====== Supplied information

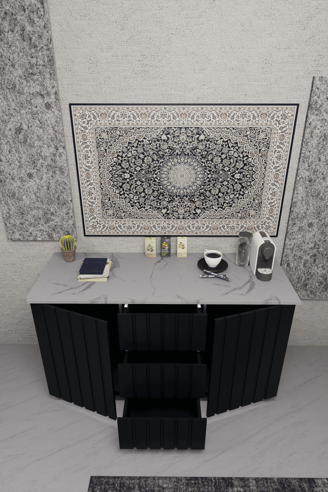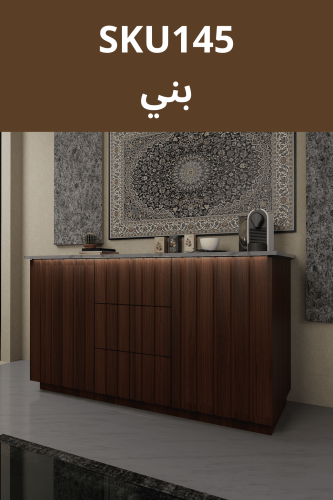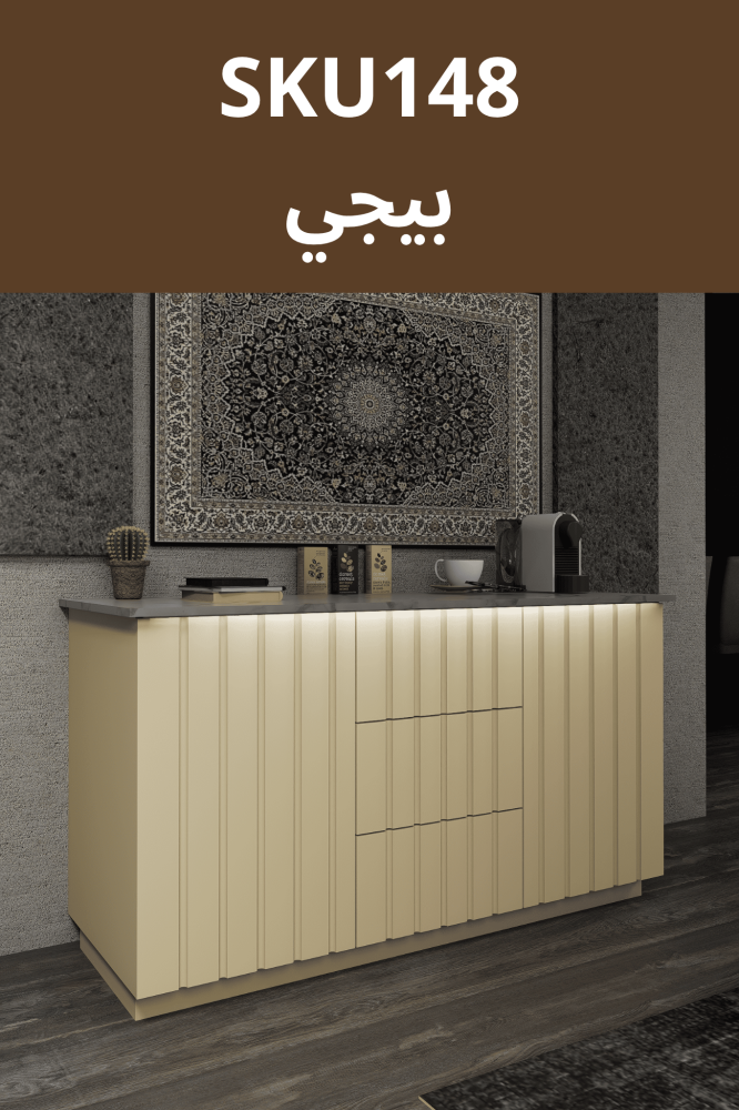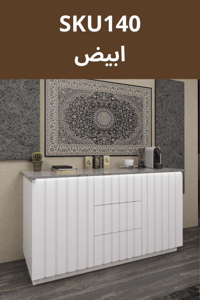- التصميم: أدراج مغلقة ورف علوي للتخزين أو عرض الديكور.
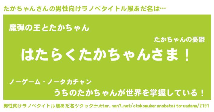 | 意味不明あだ名 | 『住所不定無職たかちゃん(53歳)』 |
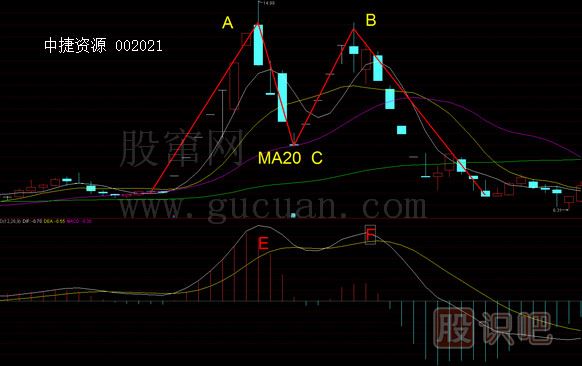 中捷資源(002021)在2015年7月2號(hào)左右形成高點(diǎn)A,在8月18號(hào)左右形成高點(diǎn)B,期間曾經(jīng)回調(diào)到C位置,在此例子中正好是20日均價(jià)線(xiàn)附近,形成ACB的過(guò)程就像是畫(huà)了一個(gè)M。
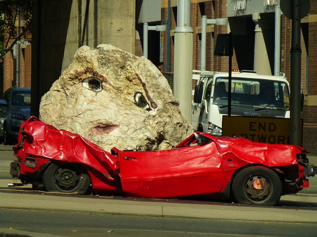 Sydney  Bus + Street  Woolloomooloo Rush Hour Sydney Sydney  Bus + Street  Woolloomooloo Car Monument Dont Move the Rocks
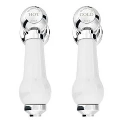 These Antique Brass Chatsworth 1928 Traditional Crosshead Pillar Basin Taps are just the thing to top off your vintage inspired bathroom. The 130mm high basin taps have a decorative shape with a period feel, while their antique brass effect bring a touch of sophistication to your bathroom. Finely crafted cross taps add to the look and feature white inlays with ‘hot’ and ‘cold’ in classic lettering. Made from hard wearing solid brass, these traditional basin taps will stand the test of time. Pair them with other designs from the Chatsworth Antique Brass collection to create a cohesive look.
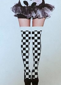 Girls Black and White Checkered Stockings. The alternating black and white squares will show off an artistic look! Suitable as a fun accessory for any Halloween costume for bewitching fun!
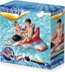 Wyrusz na przygodę z nadmuchiwanym myśliwcem Bestway, który jest idealnym towarzyszem wodnych zabaw. Dzięki solidnym uchwytom poradzisz sobie nawet z najbardziej niesfornymi falami w pełnym komforcie. Realistyczna grafika i imponujący rozmiar 136 x 135 cm ucieszą każdego młodego pilota. Wysokiej klasy materiały i staranne wykonanie zapewnią Ci świetną zabawę na plaży lub w basenie.
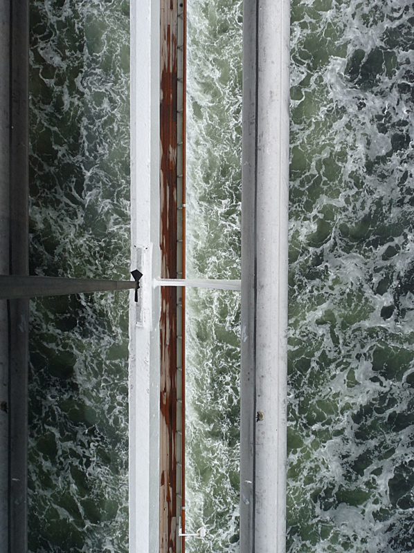Non si afferra subito, al primo sguardo, dove sta la via di salita, dove invece ci si affaccia all'abisso. Da un lato l'illusione, dall'altra il rabbioso spumeggiare della onde del mare del Nord. Ho una foto simile nel mio portfolio, e tu lo sai, ma così differente dalla tua. Qui c'è rigore di linee, spazi orizzontali resi verticali dalla tua scelta compositiva. Una nave da crociera può essere più stimolante di una miniera, per un occhio attento, quando si sanno cogliere angoli e geometrie, diamanti grezzi potenzialmente mutanti in gemme finemente lavorate.
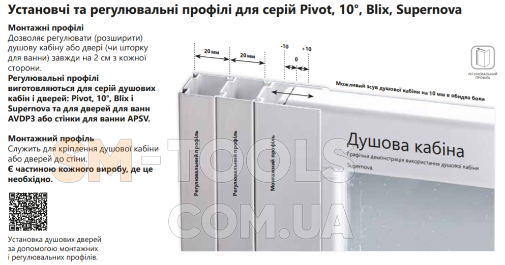 УВАГА! Виріб складається з двох рівних нерухомих частин і чотирьох рухомих частин. За допомогою регулювальних профілів NPS душову кабіну можна адаптувати до нестандартних розмірів будівельного отвору. Радіус 500 мм. Встановлюється в облицьований кахлем кут ванної кімнати на піддони RAVAK Ronda, Elipso, Elipso Pro, Elipso Pro Flat, Elipso Pro Chrome або безпосередньо на підлогу з вбудованим душовим каналом або трапом.
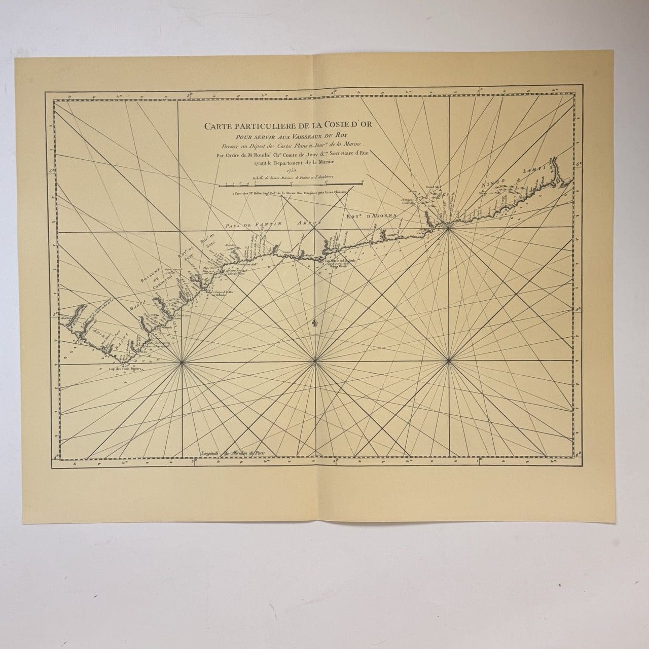 Map of the Gold Coast of Africa, now part of modern day Ghana. Originally published in 1750, this is a 20th century copy. Very good condition, sheet size: 66 x 52cm. Printed on good quality paper, with a central fold.
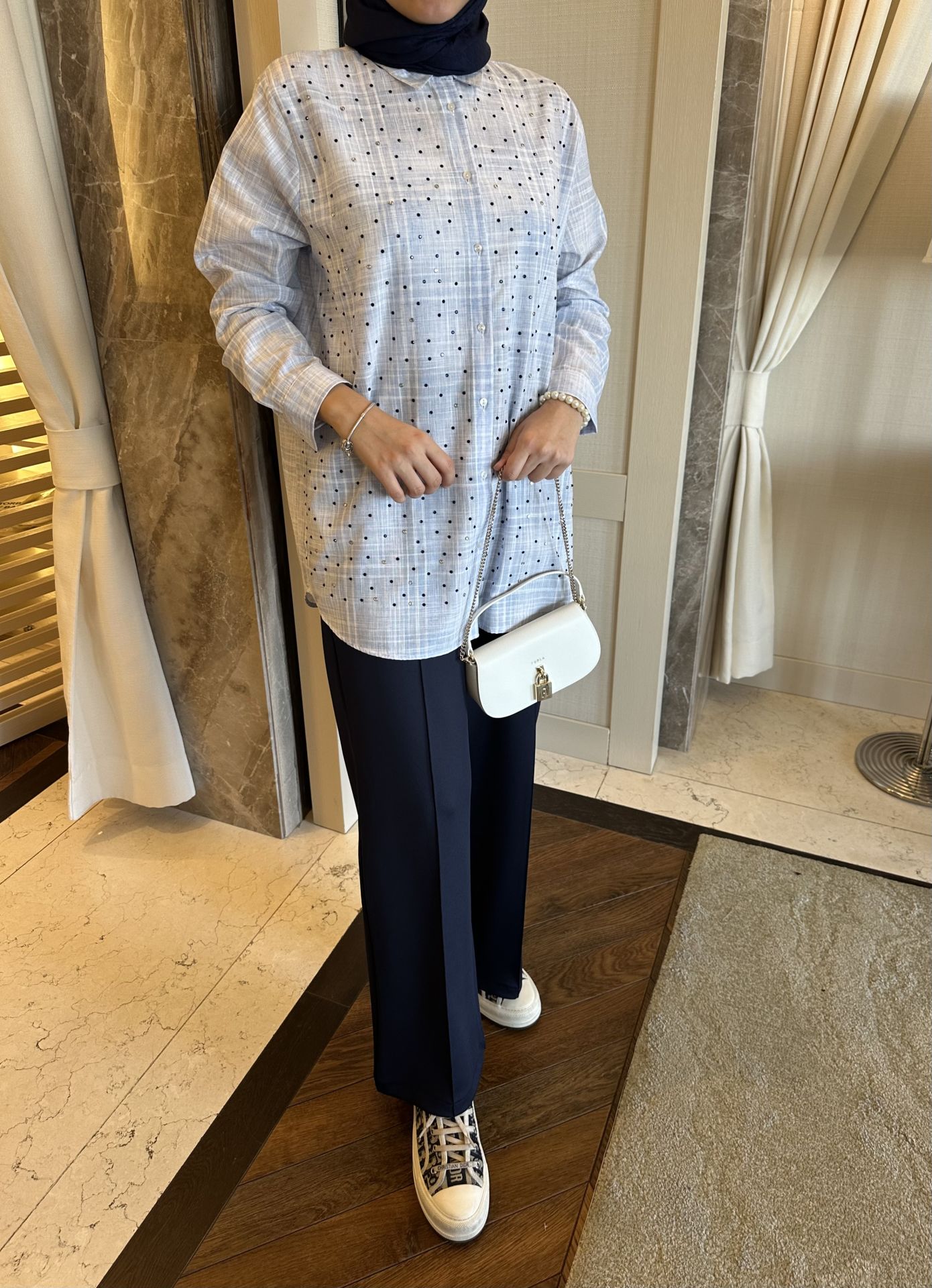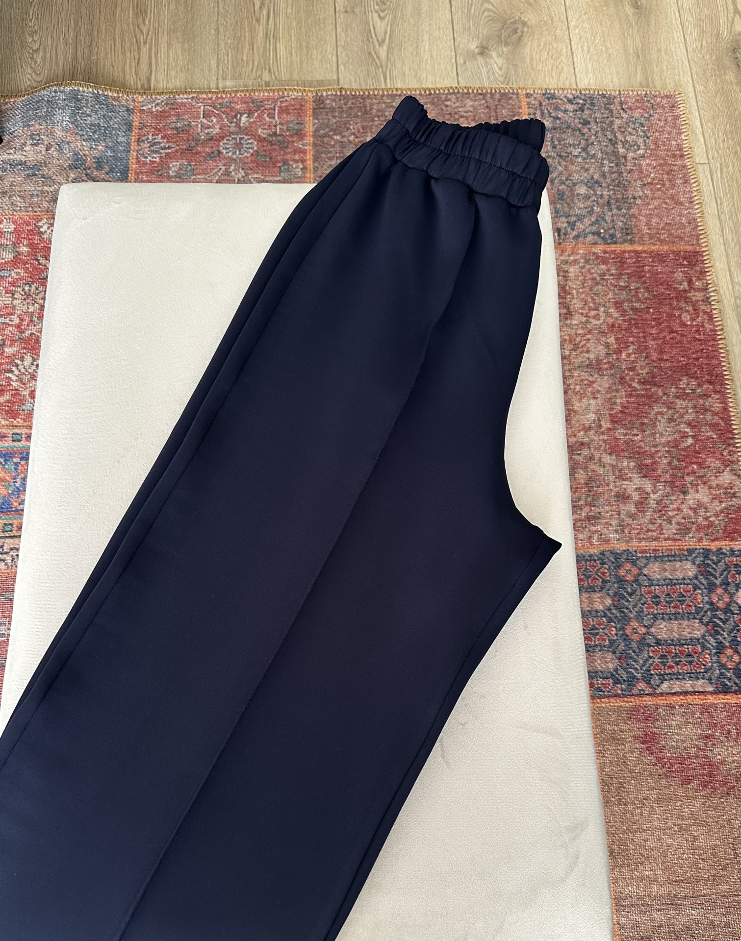 Dikiş İzli Scuba Bol Paça Pantolon (Lacivert)
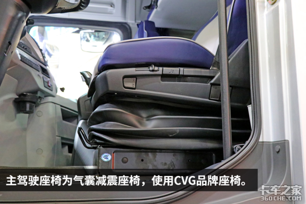 气囊减震座椅带有座椅俯仰度调节、一键放气、座椅支撑软硬度调节、上下调节、靠背调节和2级腰部支撑调节,保证驾驶员的乘坐舒适性。
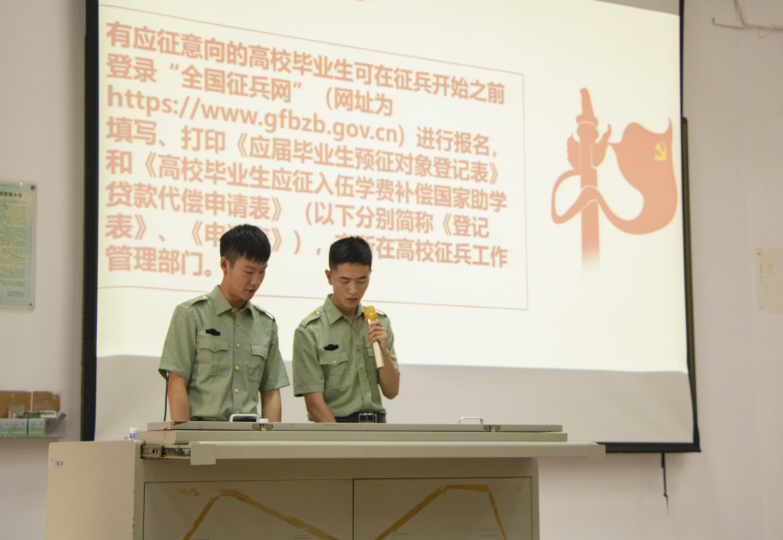 接着,退役士兵代表焦存亮、仙一航共同给同学们进行了征兵国防教育。征兵教育分为两部分,一是军旅生活介绍,二是入伍政策解读。退役士兵代表对征兵入伍政策进行了解读,对参兵流程,基本要求以及培养前景等方面做了详细介绍,并给同学们的提出的问题进行了解答。
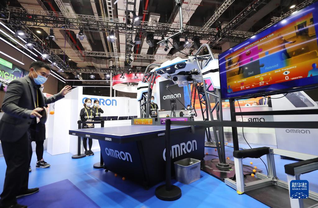 在第三届中国国际进口博览会期间,一名男子体验与欧姆龙公司的一款乒乓球教练机器人对战,右侧屏幕上实时显示他的心率和情绪指数(2020年11月5日摄)。新华社记者 方喆 摄
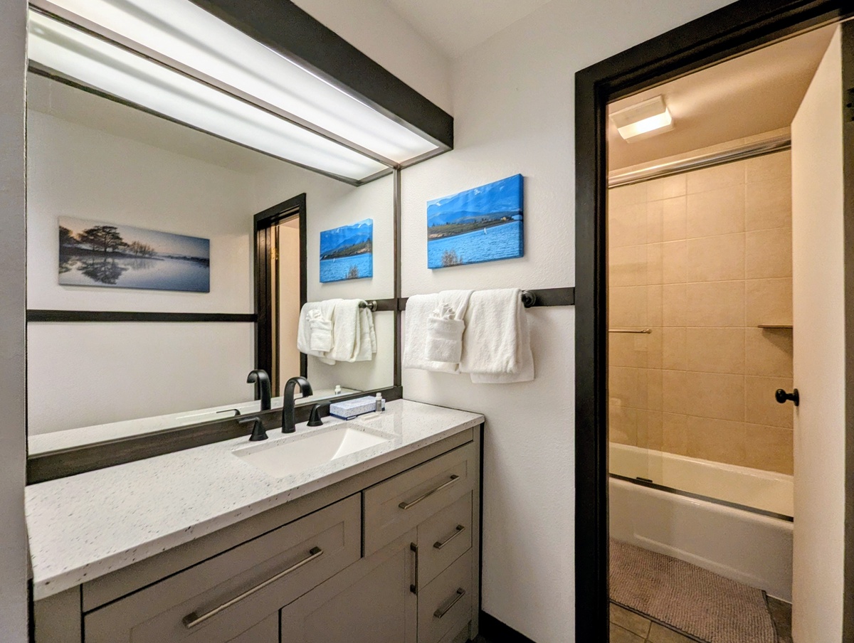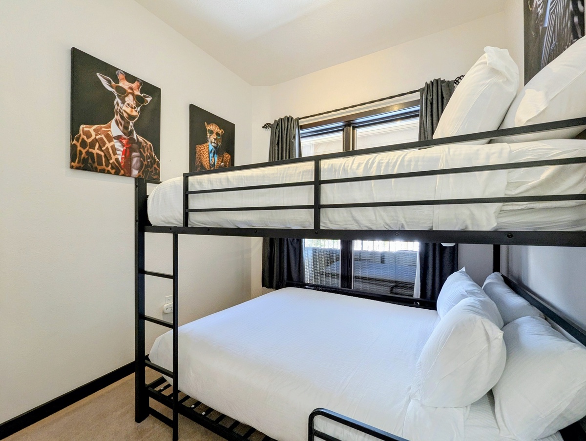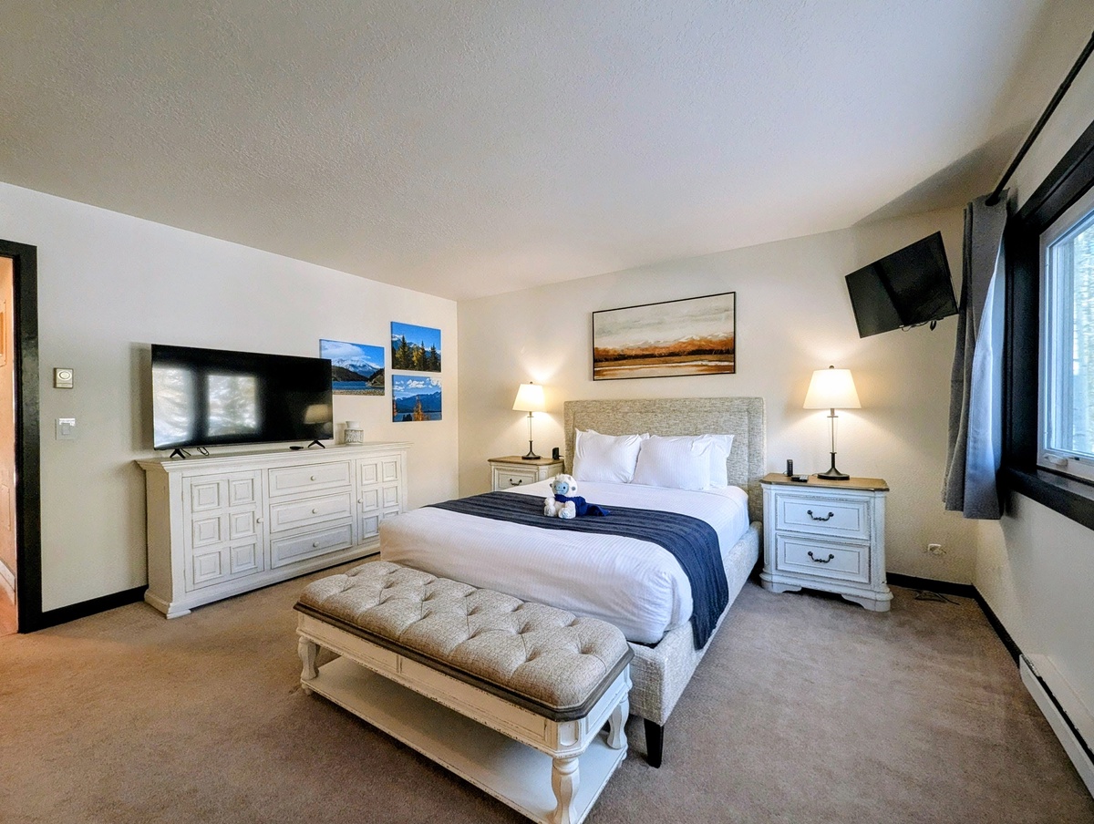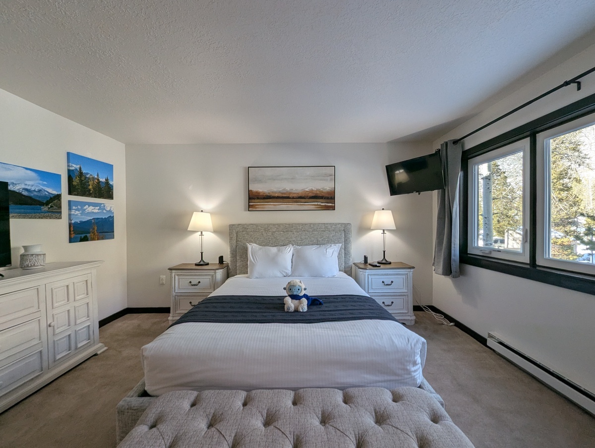 Both bedrooms are comfortably appointed and thoughtfully designed to provide restful nights after full days on the mountain. The bathroom is clean, functional, and well laid out for easy use by the entire group. This condo’s simplicity and practicality make it especially appealing for guests who value comfort without unnecessary fuss.
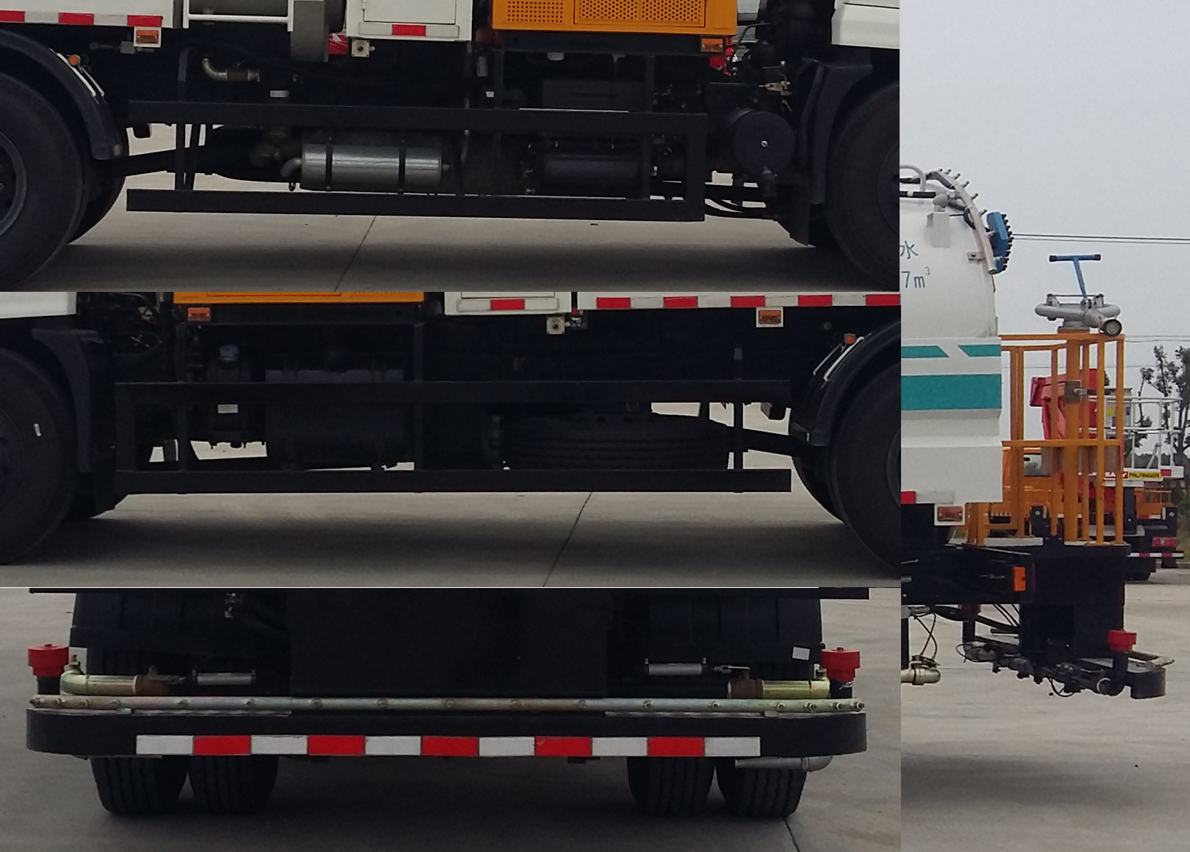 随底盘选装前脸扰流罩和前雾灯。选装前护栏清洗装置。选用4500轴距。罐体有效容积7立方米,罐体外形尺寸(长轴锥讨嶙长度)(mm):2300?426?000.介质名称:水.密度:1000千克/立方米。配装喷水架时的长度为8930mm,前伸900mm;选装前护栏清洗时长度为9080mm,前伸1050mm。侧防护与后防护装置采用的材料为:Q235B,侧防护为螺栓连接,后防护焊接;后防护装置截面尺寸为160?0mm,离地高度为420mm。安装具有卫星定位功能的行驶记录仪。随底盘安装的ABS生产厂家/型号:东科克诺尔商用车制动系统(十堰)有限公司/3631010-C2000,威伯科汽车控制系统(中国)有限公司/4460046440。 |

============

# Requirement
Retype, exactly and only, the lines from the one containing "气囊减震座椅带有座椅俯仰度调" through the end of the entries, both ends included, and omit all pictures.

# Response
 气囊减震座椅带有座椅俯仰度调节、一键放气、座椅支撑软硬度调节、上下调节、靠背调节和2级腰部支撑调节,保证驾驶员的乘坐舒适性。
 接着,退役士兵代表焦存亮、仙一航共同给同学们进行了征兵国防教育。征兵教育分为两部分,一是军旅生活介绍,二是入伍政策解读。退役士兵代表对征兵入伍政策进行了解读,对参兵流程,基本要求以及培养前景等方面做了详细介绍,并给同学们的提出的问题进行了解答。
 在第三届中国国际进口博览会期间,一名男子体验与欧姆龙公司的一款乒乓球教练机器人对战,右侧屏幕上实时显示他的心率和情绪指数(2020年11月5日摄)。新华社记者 方喆 摄
 Both bedrooms are comfortably appointed and thoughtfully designed to provide restful nights after full days on the mountain. The bathroom is clean, functional, and well laid out for easy use by the entire group. This condo’s simplicity and practicality make it especially appealing for guests who value comfort without unnecessary fuss.
 随底盘选装前脸扰流罩和前雾灯。选装前护栏清洗装置。选用4500轴距。罐体有效容积7立方米,罐体外形尺寸(长轴锥讨嶙长度)(mm):2300?426?000.介质名称:水.密度:1000千克/立方米。配装喷水架时的长度为8930mm,前伸900mm;选装前护栏清洗时长度为9080mm,前伸1050mm。侧防护与后防护装置采用的材料为:Q235B,侧防护为螺栓连接,后防护焊接;后防护装置截面尺寸为160?0mm,离地高度为420mm。安装具有卫星定位功能的行驶记录仪。随底盘安装的ABS生产厂家/型号:东科克诺尔商用车制动系统(十堰)有限公司/3631010-C2000,威伯科汽车控制系统(中国)有限公司/4460046440。 |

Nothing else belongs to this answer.